Re: Flaky 003_start_stop.pl test

From: Andres Freund <andres(at)anarazel(dot)de>
To: Thomas Munro <thomas(dot)munro(at)gmail(dot)com>
Cc: Jelte Fennema-Nio <postgres(at)jeltef(dot)nl>, PostgreSQL Hackers <pgsql-hackers(at)lists(dot)postgresql(dot)org>, Heikki Linnakangas <hlinnaka(at)iki(dot)fi>
Subject: Re: Flaky 003_start_stop.pl test
Date: 2025-03-05 00:41:38
Message-ID: rm3wawhaebopcncwwadnenypl7mwwqacoqj2u35qi36d5zcms2@wbbcb6t6ukf4
Views: Raw Message | Whole Thread | Download mbox | Resend email
Thread:
Lists: pgsql-hackers

Hi,

On 2025-03-04 09:48:45 +1300, Thomas Munro wrote:
> On Tue, Mar 4, 2025 at 5:48 AM Andres Freund <andres(at)anarazel(dot)de> wrote:
> > On 2025-02-24 11:26:56 +0100, Jelte Fennema-Nio wrote:
> > > [1]: https://cirrus-ci.com/task/5571017969500160?logs=test_world#L256
> >
> > A possibly related test failure is:
> >
> > https://cirrus-ci.com/task/5005337046024192?logs=check_world#L259
>
> They look different to me:

Thanks for checking!

> (1) In Jelte's report for 003_start_stop, we see:
>
> [03:40:42.347](2.022s) ok 1 - dead-end connection 0
> [03:40:42.348](0.001s) ok 2 - dead-end connection 1
> [03:40:42.349](0.001s) ok 3 - dead-end connection 2
> ... up to 20 ...
>
> We see in the server log that the first one had pid 31660 and slot 1,
> but it never said "SSLRequest rejected" like all the others. The Perl
> code must have received "N", or it would not have moved onto opening
> the next connection. Then just as it is about to try to connect,
> hoping to see "too many clients", that one exits, the "invalid_role"
> connection gets slot 1 instead of the dead-end backend we expected:
>
> 03:40:42.375 UTC [31645][postmaster] DEBUG: client backend (PID
> 31660) exited with exit code 0 <-- goodbye, silent backend
> 03:40:42.480 UTC [31681][not initialized] [[unknown]][:0] LOG:
> connection received: host=[local]
> 03:40:42.480 UTC [31681][not initialized] [[unknown]][:0] LOG:
> SSLRequest rejected
> 03:40:42.511 UTC [31645][postmaster] DEBUG: assigned pm child slot 1
> for backend <-- we get silent backend's slot
> 03:40:42.512 UTC [31645][postmaster] DEBUG: forked new client
> backend, pid=31690 socket=7
> 03:40:42.542 UTC [31690][not initialized] [[unknown]][:0] LOG:
> connection received: host=[local]
> 03:40:42.543 UTC [31690][client backend] [[unknown]][0/1:0] LOG:
> connection authenticated: user="invalid_user" method=trust
> (/tmp/cirrus-ci-build/build/testrun/postmaster/003_start_stop/data/t_003_start_stop_main_data/pgdata/pg_hba.conf:117)
> 03:40:42.543 UTC [31690][client backend] [[unknown]][0/1:0] LOG:
> connection authorized: user=invalid_user database=postgres
> application_name=003_start_stop.pl
> 03:40:42.543 UTC [31690][client backend] [[unknown]][0/1:0] FATAL:
> role "invalid_user" does not exist

Good catch.

The pattern is similar in other failed tests. There has been a spate of errors
on postgres/postgres' CI, which made me look at this again.

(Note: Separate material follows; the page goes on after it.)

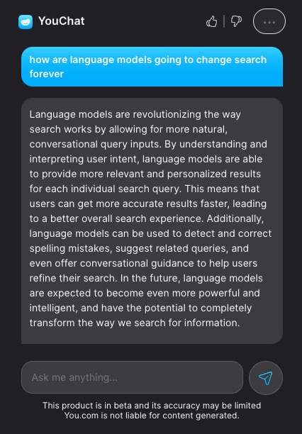 youChat responds to your prompts like an AI sidekick that reads, writes, and summarizes information for you.

> Could the backend have sent an "N" (NoticeResponse) unrelated to SSL
> negotiation?

I don't think that'd be legal protocol flow from the server side. And, given
that the test uses log_min_messages=debug2, should have been logged in the
server log.

All the recent failures were on FreeBSD, interestingly.

I wonder if we should, at least temporarily, increase the test's log level?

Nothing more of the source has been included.